California Bill Proposes Automated Noise Pollution Enforcement

If signed by Governor Gavin Newsom, a new bill would use automated sensors and cameras to enforce decibel limits on cars and motorcycles.

May 12, 2022, 8:00 AM PDT

By Diana Ionescu @aworkoffiction


portrait of woman walking on the city street covering her ears

Fotos593 / Noise pollution

“California has long specified the decibel level at which stock or modified exhaust systems are deemed too loud—95 decibels for cars and 80 for motorcycles built after 1985—and this hasn’t changed,” notes an article by Emmet White in Autoweek. Now, a new bill would implement a five-year automated enforcement pilot program to ramp up enforcement.

“A ‘sound-activated enforcement system’ means sensors are activated when noise levels exceed legal limits, and smart cameras are used ‘to obtain a clear photograph of a vehicle license plate,’ the text of Senate Bill 1079 reads.”

According to the bill, “Signage is required to notify motorists before they enter an enforcement zone. First time offenders will not be charged and only subsequent violations will incur fines. Additionally, participating city governments are required to create payment plans, deferment options, and fine waivers for low-income vehicle owners who demonstrate a temporary or indefinite inability to pay.”

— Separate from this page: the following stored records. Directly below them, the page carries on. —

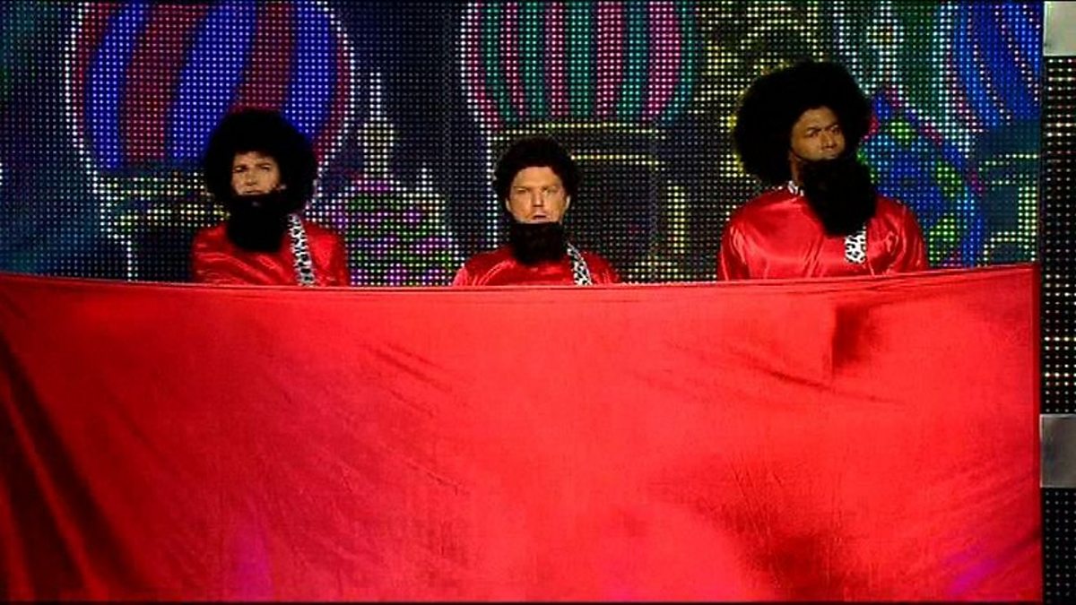 Bellamy's People acors Felix Dexter Lucy Montgomery and Rhys Thomas strut their stuff performing Boney M's Rasputin for Sport Relief.
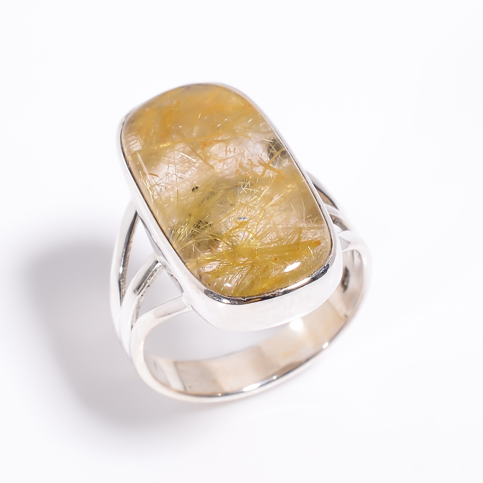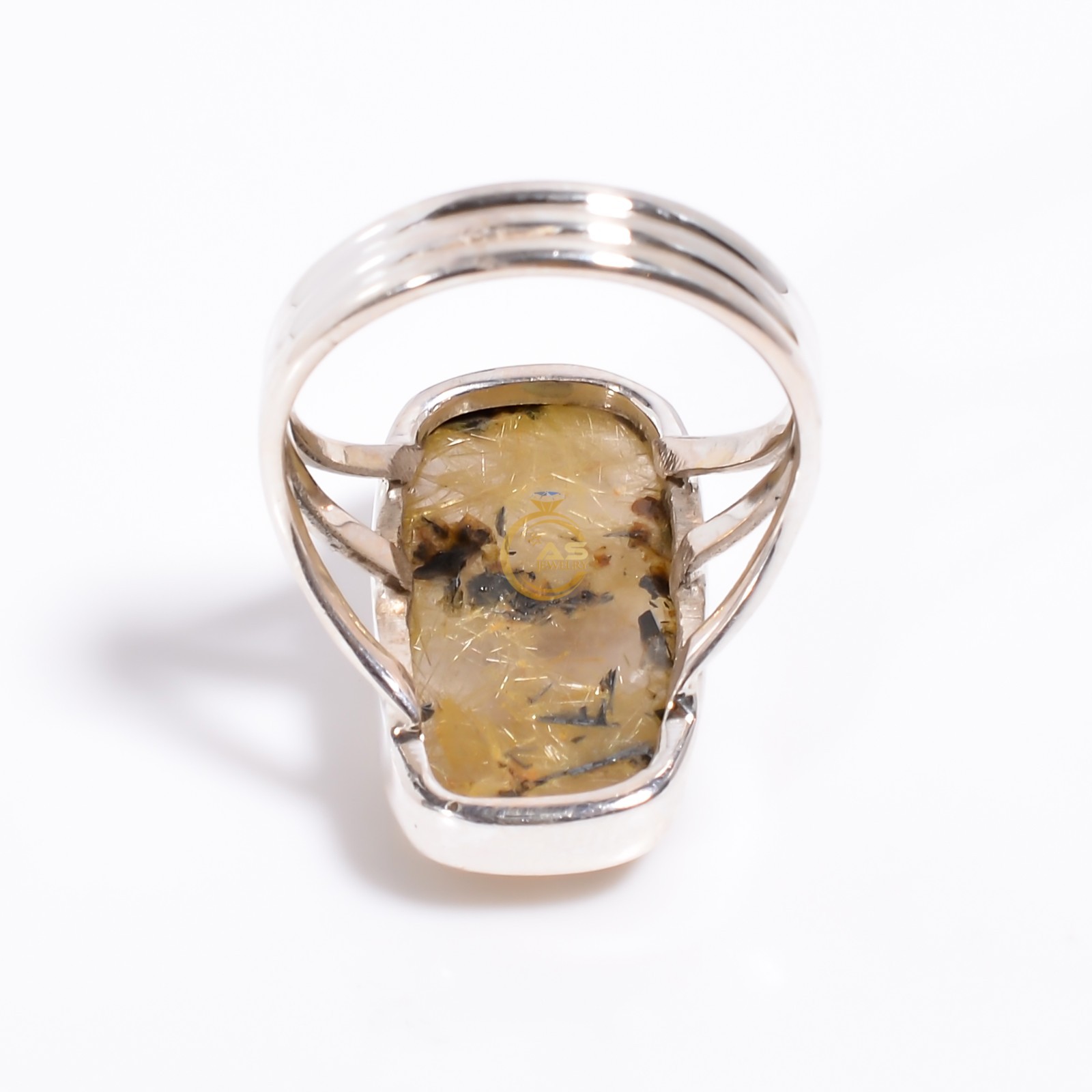 Golden Rutilated Quartz Ring 925 Sterling Silver Handmade Statement Jewelry
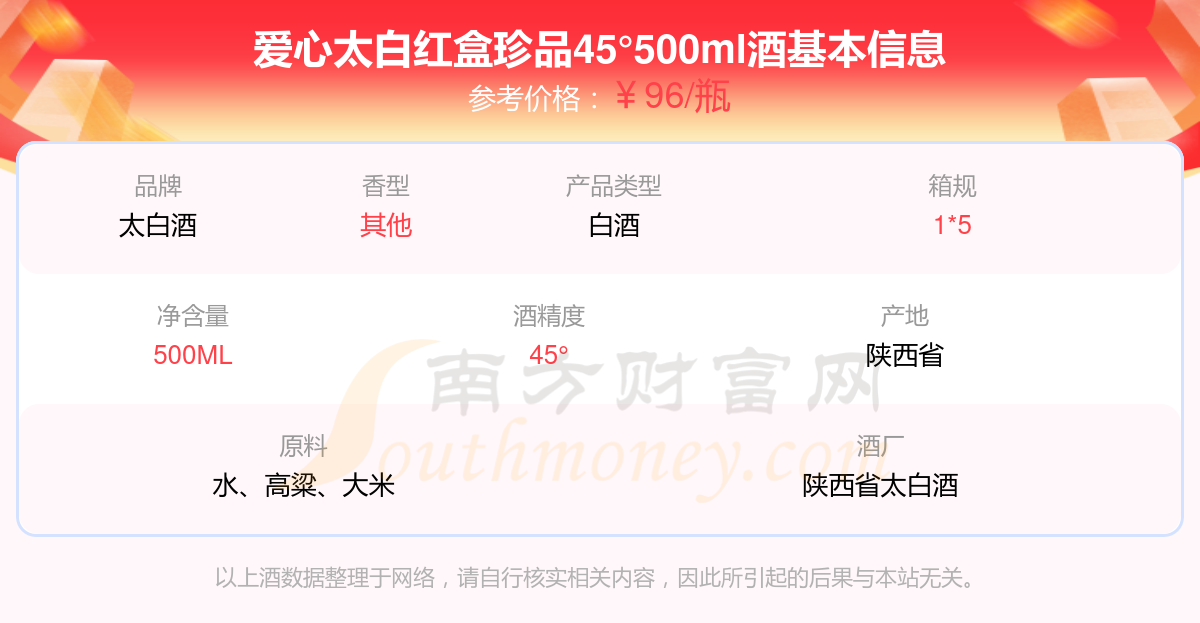 愛心太白紅盒珍品45°500ml基本信息

White writes that how well the sensors will function remains to be seen. “It will be curious to gauge the accuracy of the enforcement devices, how manufacturers will continue to alter vehicles for California markets, and if the progressive penalty policies become a blueprint for more equitable traffic enforcement.”

Other states and cities are also experimenting with high-tech solutions to noise pollution as more research reveals the harmful effects of noise on public health.